Effect of mixing conditions on the morphology and performance of fiber-reinforced polyurethane foam
Why this work is in the frame
A frame that forgets how it found something cannot be audited. These are the routes that admitted this work.
Bibliographic record
Abstract
Polyol derived from soybean oil was used as a natural source preparation to create an environmentally friendly polyurethane foam. In order to stiffen these foams, wood fibers were added to provide reinforcement at low cost, while preserving the environmental friendly nature of the material.
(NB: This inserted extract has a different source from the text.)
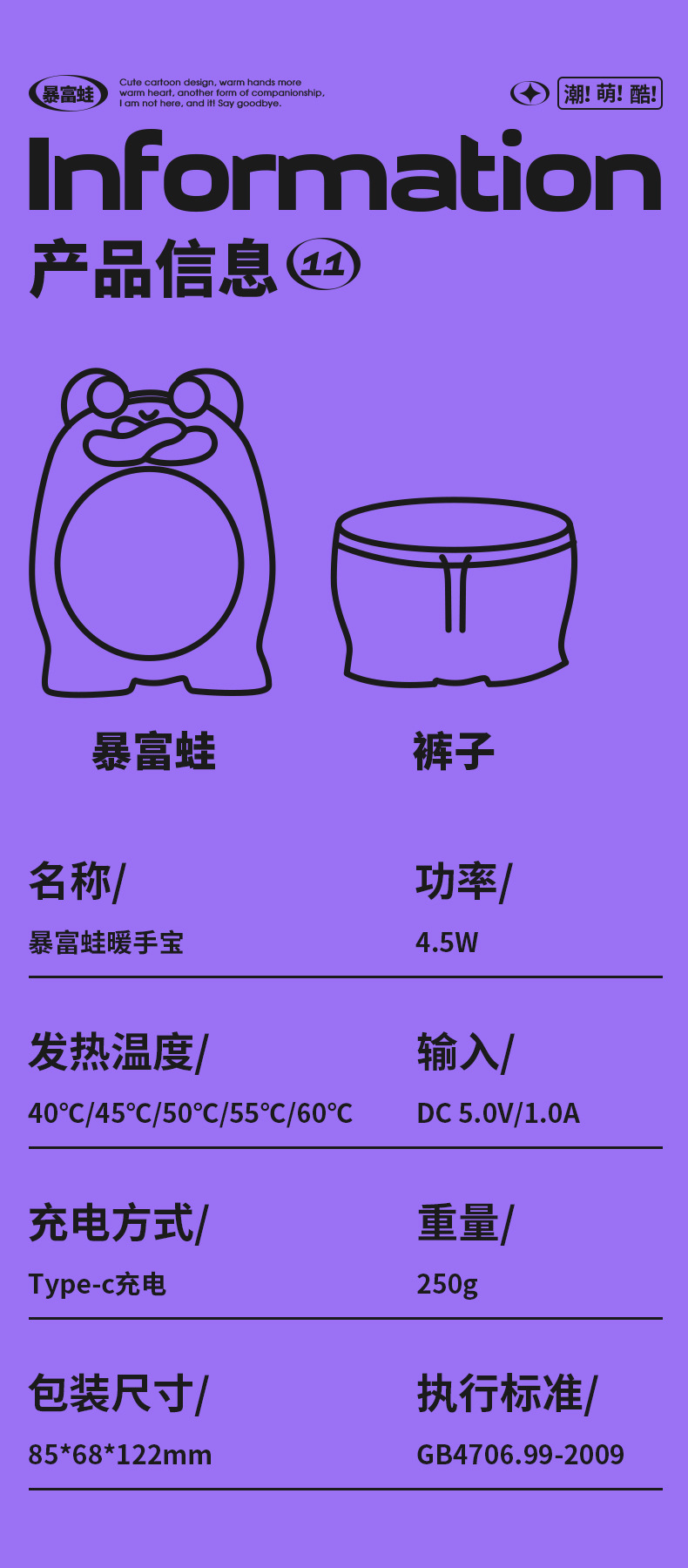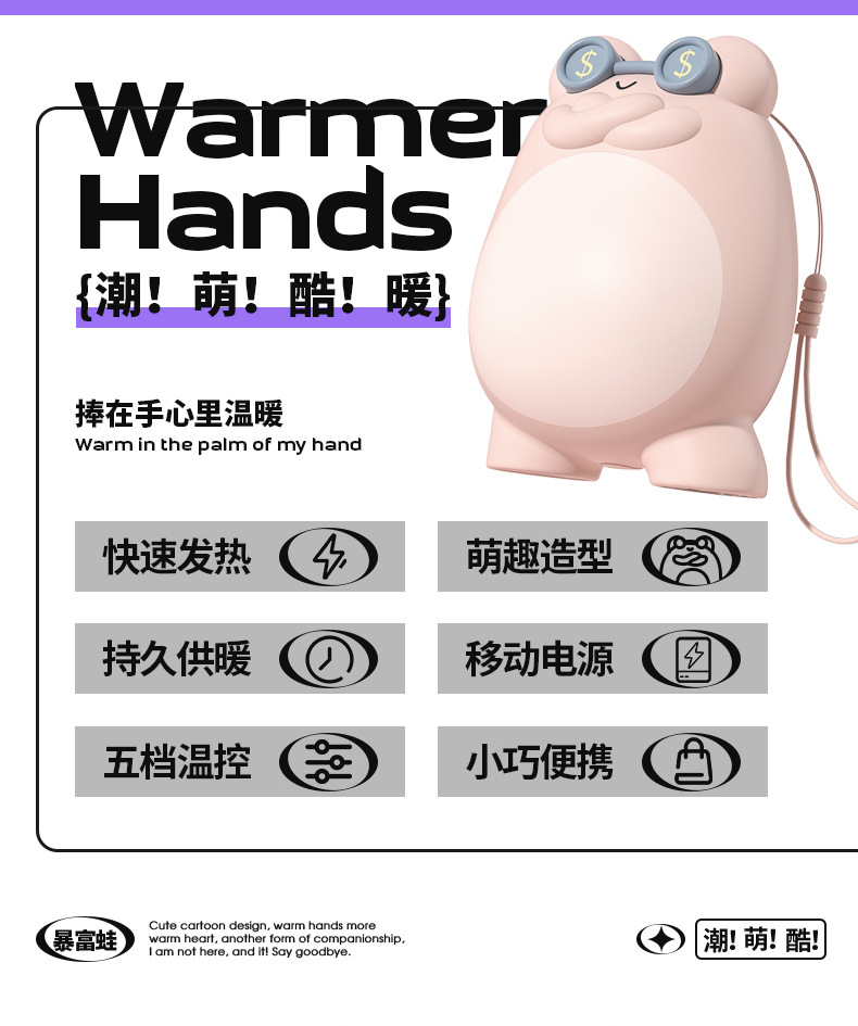 代发頤電/颐电双面发热暴富蛙暖手宝充电宝二合一便携式可爱卡通图制暖手宝 AD-0779
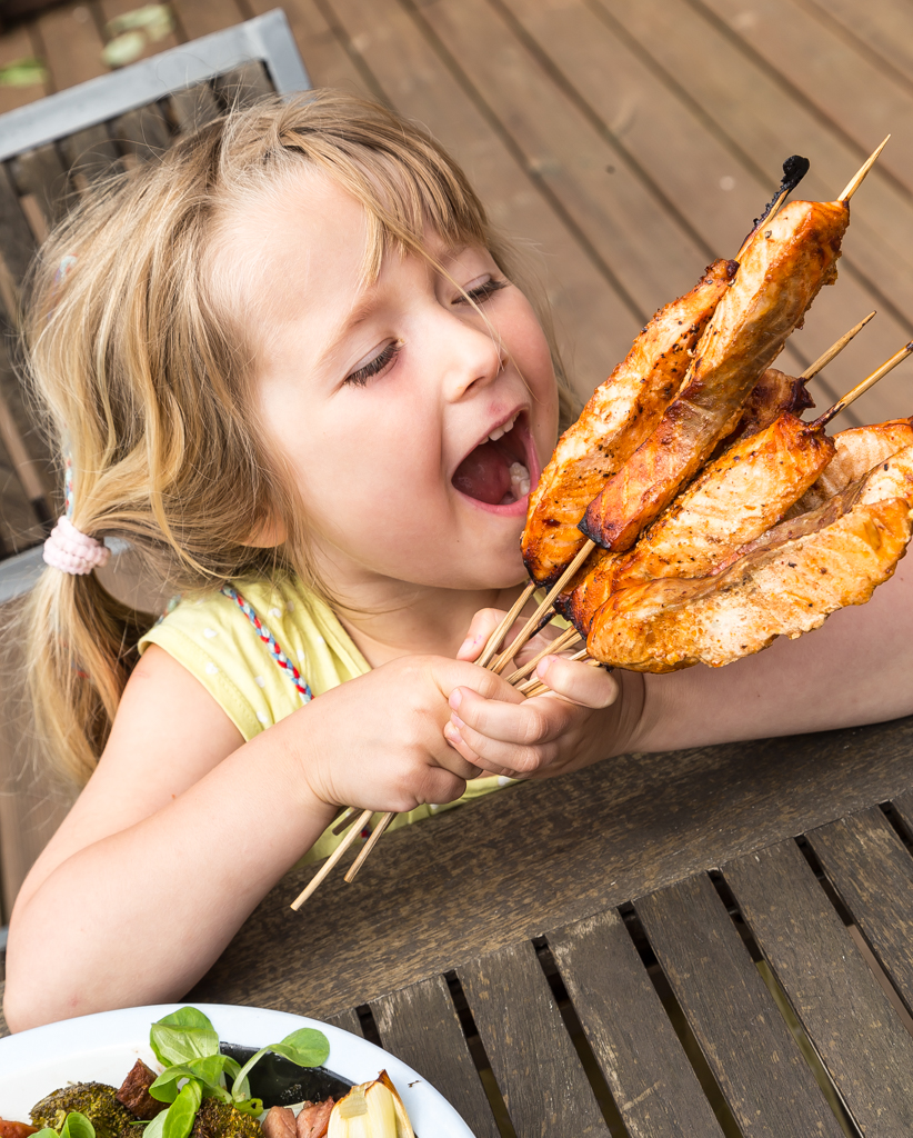 Vi gillar tydligen mat på spett. Det går alltid hem. Är det så enkelt att vi får äta med händerna då? För det är lite mekkigt att göra, blir inte alltid bättre men vi gillar det ändå. Det känns trevligt. ’

Mixing is a crucial step in the manufacture of reinforced foams and determines the fiber distribution and cell structure and hence the performance of the material. In this study, the effect of stirring variables on the mechanical properties of polyurethane foams was investigated and foams made using hand mixing were compared to foams made with a mechanical stirrer. Cell morphologies of the reinforced foams were characterized using scanning electron microscopy, X-ray computed tomography, and 3D stereo microscopy. The mechanical performance of the reinforced foam was essentially independent of stirring time and mainly depended on the variation in stirring rate. For foams made with high fiber fractions using a mechanical stirrer, the fibers were not as effective in increasing the compressive strength and modulus as they were in foams prepared by hand stirring. This suggests that mechanical stirring causes damage to the fibers, particularly at high fiber content.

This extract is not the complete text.